Il soutient, dans le dernier état de ses écritures, que :
- la décision attaquée est motivée de manière stéréotypée ;
- elle n’a pas été précédée d’un examen sérieux de sa situation personnelle ;
- elle est entachée d’incompétence ;
- elle méconnaît le b de l’article 7 et l’article 6-5 de l’accord franco-algérien du 27 décembre 1968 ;
- elle méconnaît l’article L. 435-1 du code de l’entrée et du séjour des étrangers et du droit d’asile ; le préfet n’a pas tenu compte des conditions de régularisation prévues par la circulaire du ministre de l’intérieur du 28 novembre 2012 ;
- elle méconnaît l’article 8 de la convention européenne de sauvegarde des droits de l’homme et des libertés fondamentales ;
- elle est entachée d’une erreur manifeste dans l’appréciation de ses conséquences sur sa situation personnelle ;
- à la date du jugement à intervenir, il remplira la condition de résidence en France de plus de dix ans prévue par l’article 6-1 de l’accord franco-algérien du 31 décembre 1968 lui permettant d’obtenir une carte de résident valable dix ans.
Par un mémoire enregistré le 15 avril 2024 le préfet de police conclut au rejet de la requête.
Il soutient que les moyens invoqués ne sont pas fondés.
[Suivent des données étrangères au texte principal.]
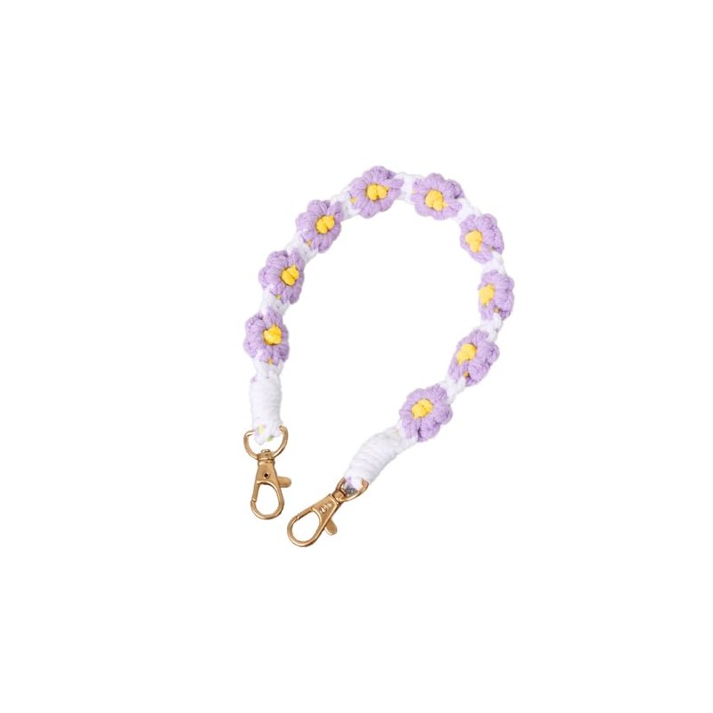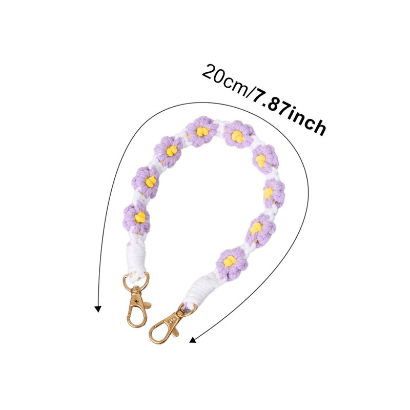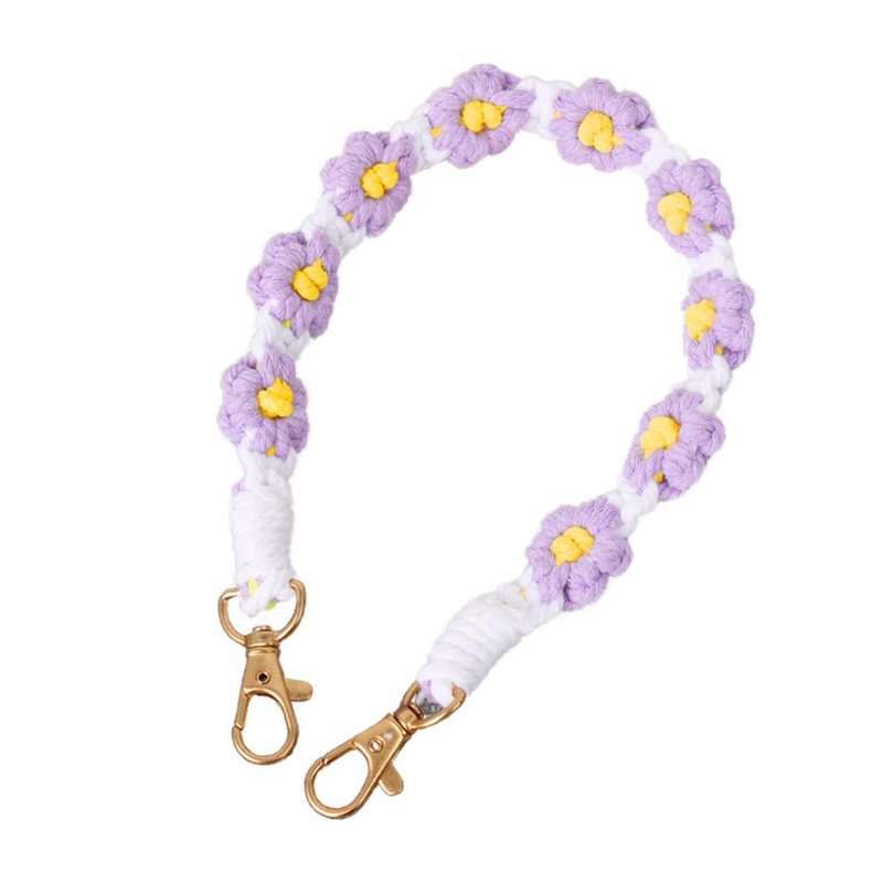 Boho Macrame Wrist Keyring, Handmade Wrist Key Ring, Band Lanyard, Short, Cute, Floral Weave, Exquisite Daisy Keychain for Women,, Purple (Colour), 20

Les parties ont été informées le 17 septembre 2025, en application des dispositions de l’article R. 611-7 du code de justice administrative, de ce que le jugement est susceptible d’être fondé sur un moyen relevé d’office, tiré de ce que les dispositions de l’article L. 435-1 du code de l’entrée et du séjour des étrangers et du droit d’asile n’étant pas applicables aux ressortissants algériens, il y a lieu de substituer à cette base légale de la décision attaquée celle tirée du pouvoir de régularisation dont dispose l’autorité préfectorale.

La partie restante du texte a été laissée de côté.